Gap insurance can be a smart option to consider when buying a car. It’s really useful if you’re taking a loan that’s bigger than the car’s value. This insurance helps pay off what you still owe if your car gets totaled, and the payout from the insurance doesn’t cover the full loan amount.
It’s best to think about this type of insurance if you’re rolling over an older loan or if the car’s value might drop quickly. You might not need it for shorter loans or if you’re making a large down payment.
Paying for gap insurance through the dealership often includes added interest, so checking other providers is a wise decision. You don’t need to buy it in the finance office if you’re unsure if you need it. You can always call your insurance agent when you leave to get a quote.
Key Takeaways
- Gap insurance protects against loan value differences.
- Consider it when the loan exceeds car value.
- Look for alternatives to dealership options.
- Not everyone needs this insurance
Learning About Gap Insurance
Covering Negative Balance
Gap insurance helps cover the difference if you owe more on your car loan than the car’s value. For example, if your car gets totaled and the insurance claim values it at $10,000, but you still owe $12,000, gap insurance covers that $2,000 difference. You don’t have to pay out of pocket.
Common Use Situations
You might consider gap insurance when buying a car, especially if you’re adding negative balance from a previous loan. If the total amount you owe is higher than what the car is worth, that’s when gap insurance is most useful. It’s not necessary if you put money down, trade in a car, or choose a shorter loan term like 36 or 48 months.
Imagine you finance a car. If it’s in an accident and declared a total loss, the insurance settlement only covers the market value. But what if your loan balance is higher? This is where gap insurance helps. It covers the difference, ensuring you donβt face a large bill.
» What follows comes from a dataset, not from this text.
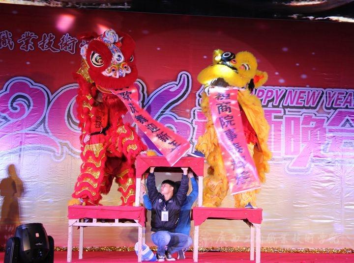 這次晚會開場首幕的是具有中國傳統(tǒng)文化特色的舞獅表演,覃武云書記為獅子現(xiàn)場“點睛”成為全場焦點,并為我院2016年許下“風調雨順”的祝語,隨著主持人對各位來賓的介紹結束,就開始了如火如荼的精彩演出,舞蹈、走秀、唱歌、啞劇、瑜伽、武術這些展示無一不激動人心。其中,楊柳老師演唱的《紅土鄉(xiāng)》,婉轉而又不失氣魄,唱出了這首歌深沉的情感;一場《人生》的舞臺劇,每一個場景的切換,都深刻突出了這場話劇的主題;一首《好好說再見》,演繹出了精彩絕倫的青春之歌;一支《雨中花》的舞蹈,用靈活而柔韌的四肢,展現(xiàn)出了雨中的感情和意境;而優(yōu)雅的舞姿后面的節(jié)目,是大伙十分期待的重頭戲,武警總隊直屬支隊剛硬的擒拿武術表演,盡顯男兒本色;表演的最后,由學院大學生藝術團以一支《see you again》,動感十足、激情似火的舞蹈結束了本場晚會。
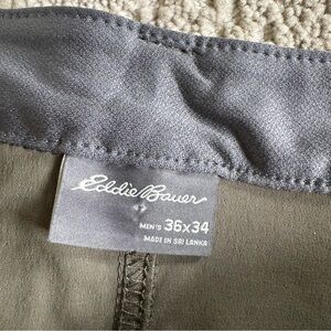Eddie Bauer hiking convertible tech pants outdoor green zip off 36 X 34 long

When You Might Want to Buy Gap Insurance
Adding Negative Balance from an Old Loan
If you’re rolling over negative equity from a previous car loan into a new one, gap insurance could be a good choice. This is important because if your car is declared a total loss from an accident, gap insurance covers the difference between what you owe and what your car is worth. I try to avoid having any of my clients roll over negative equity to get into a new car but sometimes
Loan Is Higher Than Car’s Worth
Another time to think about gap insurance is when the amount of your car loan is more than the value of the car. This often happens when you buy a car and finance the whole purchase without a down payment. If something happens to your car, gap insurance will cover the extra amount you owe.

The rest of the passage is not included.